Изменить стиль страницы

— Коли ослобонят от крепости после службы, может, и женюсь, а нет, к чему это? Рабов да холуев для бар плодить! — тихо, с горькой усмешкой ответил Санька.

— Алексей Петрович ослобонит, пусть только ему поручик вовремя доложит, — убежденно сказал Кутырев.

— Ну а вы как? Когда за линию?

— После вас, со второй оказией. Бают, будто в Моздок отправят, а там всех семейных в казаки по станицам пропишут, — ответил Кутырев.

— Что ж! И то дело. Хоть свободными станете, опять же земли в надел дадут.

Выпили еще, и хозяин было встал, чтобы пойти за новой бутылкой, но Елохин остановил его.

— Не надо, хватит. Я теперь, друг ты мой Никифор Иваныч, до конца службы, пока вчистую не выйду, в рот ее, вредную, не возьму. Это последняя.

— Да ну? — недоверчиво спросил хозяин. — Это почему ж так, Санька?

— А потому, что в законе указано: ослобонить от крепости и оставить на поселение только таких, которые поведением и службой своей честной того заслужили. Чуешь, как? А коли я напьюсь да набуяню, крест с меня сымут, ундерства лишат, а там, гляди, и сквозь строй прогонят. Так разве ж поручик, хоть он и добрый и правильный человек, вступится за меня? Али Алексей Петрович пропишет на поселение пьяницу? Вестимо, нет и… вот она, последняя рюмочка младшего унтер-офицера Александра Елохина. — Он встал, перекрестился и медленно допил водку. Хозяин молча развел руками, а хозяйка, всхлипывая и крестясь, сказала:

— Помоги вам Христос, Лександра Ефимыч!

Попрощавшись с ними, Елохин пошел обратно в роту.

Оказия вышла из Внезапной только в девятом часу. Хотя к ней готовились давно и все отъезжающие заранее связали свои вещи, тем не менее, когда все уже было готово и командир конвойной роты отдал приказ «бить в барабан», то есть трогаться, оказалось, что то у одного воза, то у другого не хватает кого-либо из отъезжающих. Шум, говор, голоса провожающих соединились со звуками рожка и дробным боем барабанов.

— Стой, стой! Забирай мешок!

— Эй, тетку забыли! А ну подсади, ребята! — слышались голоса провожающих, и под этот шум и мерную дробь барабана оказия, растянувшись на добрую полуверсту, медленно вышла из Внезапной.

Впереди шли солдаты, за ними пылила заряженная картечью пушка, по бокам которой шагали артиллеристы, полусотня казаков рысила по обеим сторонам колонны.

По старобарскому обычаю, спозаранок, часов за пять до выезда оказии, была снаряжена бричка с кухонным снарядом, с поваром и поварятами, которые еще с вечера получили приказ приготовить на завтра обед и ужин для актрис и челяди князя.
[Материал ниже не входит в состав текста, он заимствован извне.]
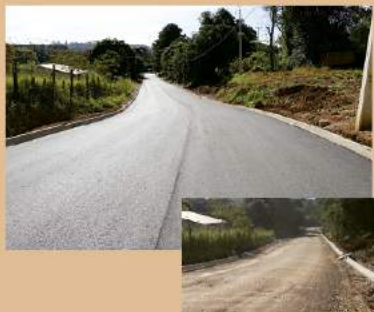
RUA DACIO LEONEL DE QUADROS ANTES E DEPOIS

PAVIMENTAÇÃO: CASTRO CONTA COM ÁREA URBANA QUASE 100% ASFALTADA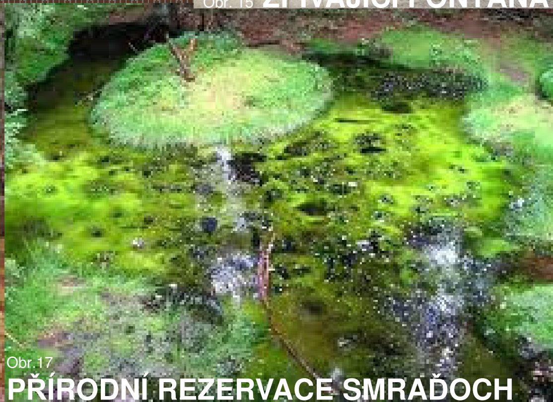
Obr. 17 PŘÍRODNÍ REZERVACE SMRAĎOCH

Завтрак и полдник отъезжающие везли с собой.

За солдатами, в голове кортежа, шла огромная четырехместная на ременных пассах, употреблявшихся вместо только что появившихся рессор, карета, за каретой — коляска. В коляске сидел камердинер князя Прохор, везший серебро, дорожные чемоданы, несессер и погребец хозяина. На запятках коляски возвышался казачок, с беспечным и глупым видом глядевший по сторонам. За ним ехали верховые казаки, по-домашнему, совсем как у себя в станице, шумно и бранчливо спорившие о чем-то. Дальше тянулись четыре крытых фургона, в которых ехал домашний театр, или, как острили офицеры, «харем» Голицына. Рядом с кучером каждого фургона сидел вооруженный солдат, из-за спины которого выглядывали закутанные до глаз фигурантки, Психеи и Лаисы… Фургоны тяжело катились по сухой и пыльной дороге, и Родзевич с замершим сердцем трепетно глядел на мелькавшие лица актерок, но Нюшеньки среди них не разглядел.
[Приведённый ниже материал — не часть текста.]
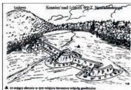
Szkic przykładowego szanieca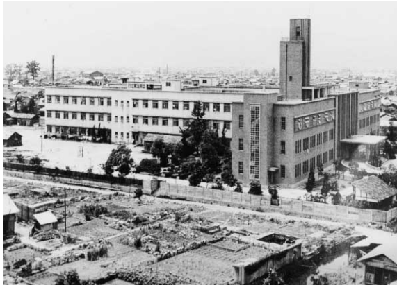
1947年 広島赤十字病院内にABCC開設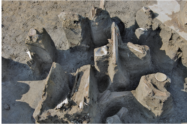
1 第 537 号土壙遺物出土狀況 (4)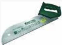
Ножовка KRAFTOOL "Multi-M" закал универс мелкий зуб U-RS, 11/12 TPI, 320мм

Ножовка KRAFTOOL "BLITZ" закал прямой зуб S-RL, 7/8 TPI, 500мм - применяется при распиле (как поперечном, так и продольном) заготовок из твёрдых и мягких пород дерева, средних и крупных размеров. Качеством ножовки KRAFTOOL серии "BLITZ" являются закалённые прямые зубья, общего назначения, имеющие двухстороннюю заточку (S - RS), что обеспечивает качество и скорость при работе с полотном в обоих направлениях. Эргономичная рукоятка,

За фургонами двигались возы и телеги, в них везли туалеты и постели актрис, сервизы и другие вещи князя. На возах и подводах, нагруженных мукой, крупой, мясом, вином и прочей снедью, расположилась комнатная прислуга, как всегда болтливая и праздная.

За фурами и телегами, обтянутыми войлоком или парусиной, шли люди. В своем большинстве это были армяне — ремесленники и торговцы, покидавшие слободку и крепость.
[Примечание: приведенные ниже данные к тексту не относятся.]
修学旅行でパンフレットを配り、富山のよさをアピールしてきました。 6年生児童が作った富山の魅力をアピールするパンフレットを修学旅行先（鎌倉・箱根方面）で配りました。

Опоздавший к моменту выступления оказии Голицын на рысях обогнал растянувшуюся колонну и, поднимая пыль, исчез впереди.

У выезда из слободки стояли последние провожающие, среди которых были офицеры, писаря и свободные от службы солдаты. С явной завистью смотрели они на уезжавших в Россию и за Терек людей.

Солдаты с нескрываемым недоброжелательством и усмешками поглядывали на голицынскую дворню.

— Холуи поехали… Эй, валеты, гляди рожи в пыли не запачкайте… а то барин на конюшню пошлет, — посыпались хлесткие словечки.

— Цыц, крупа вшивая! Гляди сам по зеленой улице не прогуляйся! — не оставались в долгу дворовые, показывая кулаки и шиши солдатам, а одна из девок-судомоек, озорно поворотившись к провожающим, закинув подол юбок, показала им с воза голый зад.

Родзевич съежился. Ему было больно и оскорбительно, что Нюшенька, его чистая и трогательная первая любовь, ехала тут же, рядом с этими грубыми и бесстыдными людьми, одним своим соседством оскорблявшими ее.

— Насилу нашел тебя, Станислав, — подходя к Родзевичу, сказал Небольсин.

Радость залила бледное лицо Родзевича.

— А я вышел проводить тебя и все ищу в повозках, где ты…

Небольсин погрозил ему пальцем:

— Признайся, что разглядывал ты в бричках и фургонах все же не меня, а кого-то другого.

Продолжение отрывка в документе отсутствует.